Наши встречи с Эвелиной и занятия продолжались в течение полутора месяцев. Все это время девушка исправно ко мне ходила, а я старательно делал вид, что отношусь к ней не более как к своей ученице, хотя в глубине души уже давно понял, что безоглядно влюбился. Ее чистота, ее нежность и хрупкость, ее поистине ангельские глаза и голос сводили меня с ума. Однако я не решался сделать даже отдаленного намека относительно своих чувств. Я ждал. Ждал подходящего момента. Теперь я понимал, что скрывать это вечно невозможно, однако не торопился. Мне нужно было, чтобы все мои усилия не прошли напрасно, нужно было добиться того, чтобы остальное руководство театра тоже увидело в Эвелине не просто хорошенькую куколку, но и талантливую актрису, достойную гораздо большего, нежели сплошных ролей из двух-трех реплик. А до тех пор, пока на сцене царила Кларисса, сделать это было не в моих силах.

И вдруг, само Провидение оказало мне огромную услугу: с Клариссой случился несчастный случай, во время одной из репетиций она неудачно повернулась на краю сцены и, сломав каблук, упала, вывихнув ногу. Нет смысла описывать ее дальнейшие вопли и слезы, скажу лишь, что были они не столько от боли, сколько от досады, ведь теперь она точно не сможет играть как минимум три недели, а уже на тот вечер была назначена премьера. Что же делать?

Директор был в замешательстве: отсутствие дублерши стало поистине роковым, случившееся могло закончиться возвращением зрителям денег за билеты и огромными убытками для театра, однако... Очень кстати появился я и предложил кандидатуру Эвелины в качестве временной замены Клариссы.

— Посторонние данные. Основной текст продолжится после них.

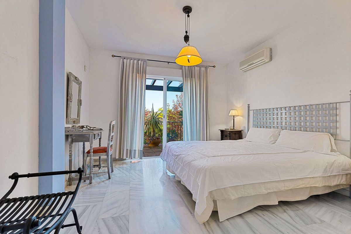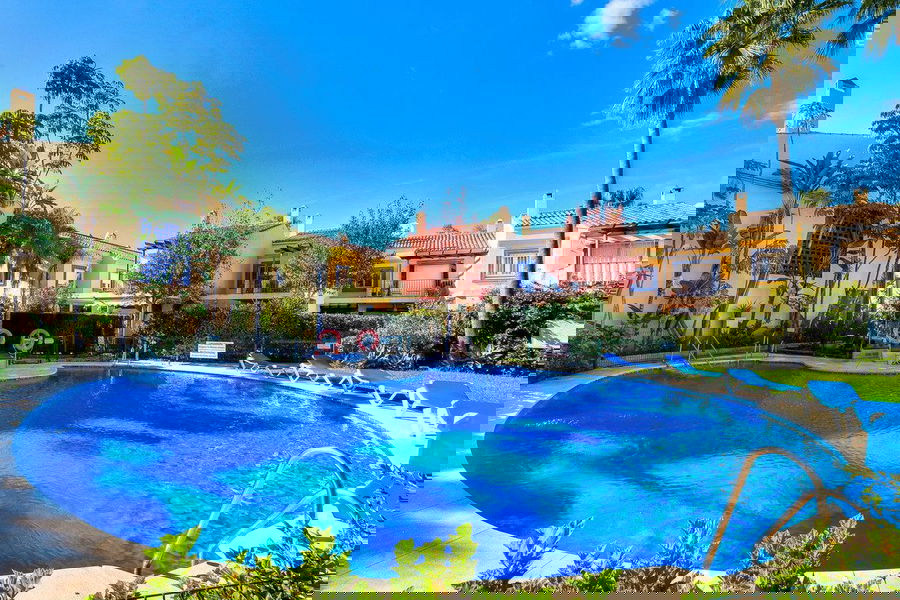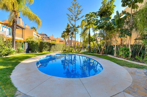 This magnificent townhouse in Nueva Andalucía, Marbella—a prime location between Puerto Banús and San Pedro de Alcántara. The property, with a south-facing orientation that ensures natural light throughout the day, offers direct access to the communal pool and private gardens, perfect for enjoying the Mediterranean lifestyle. Inside, it features a spacious living-dining room with a fireplace and access to the private garden, a fully equipped independent kitchen with a laundry room, a master bedroom with an en-suite bathroom and private terrace, two additional bedrooms sharing a full bathroom, and a guest toilet. The house is ideal for families or those seeking a secure investment due to its proximity to the sea, just a few steps away, and iconic locations like Puerto Banús, with its vibrant leisure and shopping options, and the amenities of San Pedro de Alcántara. Additionally, the area offers quick access to main roads as well as proximity to golf courses, restaurants, exclusive shops, supermarkets, and international schools. A unique opportunity to live or invest in one of the best locations in Marbella!

Несмотря на недоверие к начинающей статистке, директор все же согласился устроить ей прослушивание, так как у него не было другого выхода, а мне он все же доверял. И... Как и стоило ожидать, юная Соловей буквально поразила всех уже на репетиции! Ей аплодировала вся труппа, а роль принцессы Амалии теперь несомненно была всецело отдана моей ученице.

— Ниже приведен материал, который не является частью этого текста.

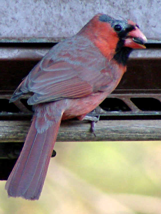 The balding Northern Cardinal continues to lose small head feathers: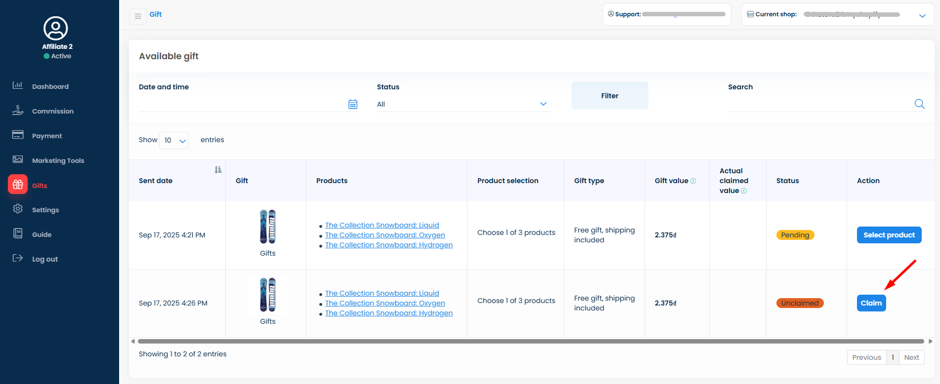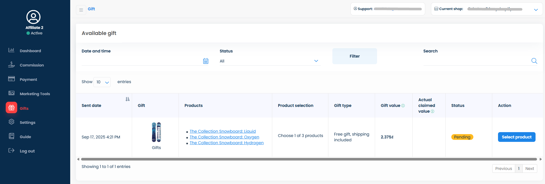 The sent gift will be shown on the **Available gift** list for affiliates to review and claim. Affiliates can also check for the products they are about to receive by clicking directly on the product's name. Then, click the **Select product** button to claim the gift.

Я торжествовал. Молча, ничем себя не выдавая, однако в моей душе царило настоящее счастье. "Все. Теперь все решено. Это произойдет сегодня. Сразу же после выступления. Я приду к ней, в ее гримерную, подарю цветы и... Наконец во всем признаюсь." Я понимал, что Эвелина может не принять моих чувств, отказать мне, однако уже не мог остановиться. Быстро вернувшись домой, я начал спешно готовиться к вечеру, ощущая одновременно радость и волнение. Я еще не знал, что мне очень скоро уготовит Судьба...

* * *

Нет, выступление Эвелины было безупречным, потрясающим, зрители приветствовали ее восторженными овациями, в то время как она, одетая в белоснежное как и ее душа платье, смущенно улыбалась со слезами на глазах. Я видел все это, наблюдая за ней со своего обычного места в секретной части зала - я всегда смотрел спектакли именно оттуда, поскольку мне не нравилось сидеть среди публики. Я смотрел на это чисто создание Небес и думал: "Боже, осталось еще несколько минут и... Всего лишь несколько минут." Но я еще не знал, что прямо сейчас в зале сидит тот, кто очень скоро станет моим соперником и злейшим врагом. Это и был Филипп.

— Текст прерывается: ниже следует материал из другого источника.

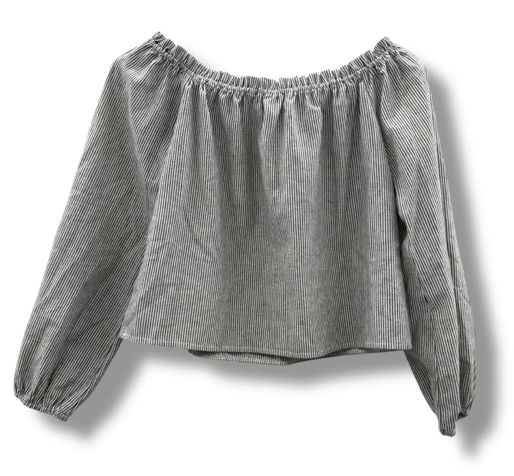 Designed with a flattering off-the-shoulder neckline and soft stretch fabric, this top gives off a laid-back yet feminine vibe that's perfect for warm days, layering, or weekend wear. The subtle gray and white stripe pattern adds a timeless, coastal-inspired touch.

История любви Воробьева. Соперничество.

Прежде я уже знал его, Филипп был также недавно поступившим работать в театр актером. Я хорошо помню день, когда он впервые появился: Кларисса тогда всеми способами пыталась обратить на себя его внимание, однако потерпела неудачу и как обычно начала обвинять в этом всех и вся. Мне же было достаточно одного взгляда, чтобы точно определить, что этот новый актер не более чем самолюбивый и нагловатый юнец-красавчик, привыкший считать, что все в этом мире должно подчиняться его желаниям. Да, они с Клариссой были родственные души, вот только, как известно, одинаковые полюса всегда отталкиваются - семейная жизнь у них бы точно не сложилась.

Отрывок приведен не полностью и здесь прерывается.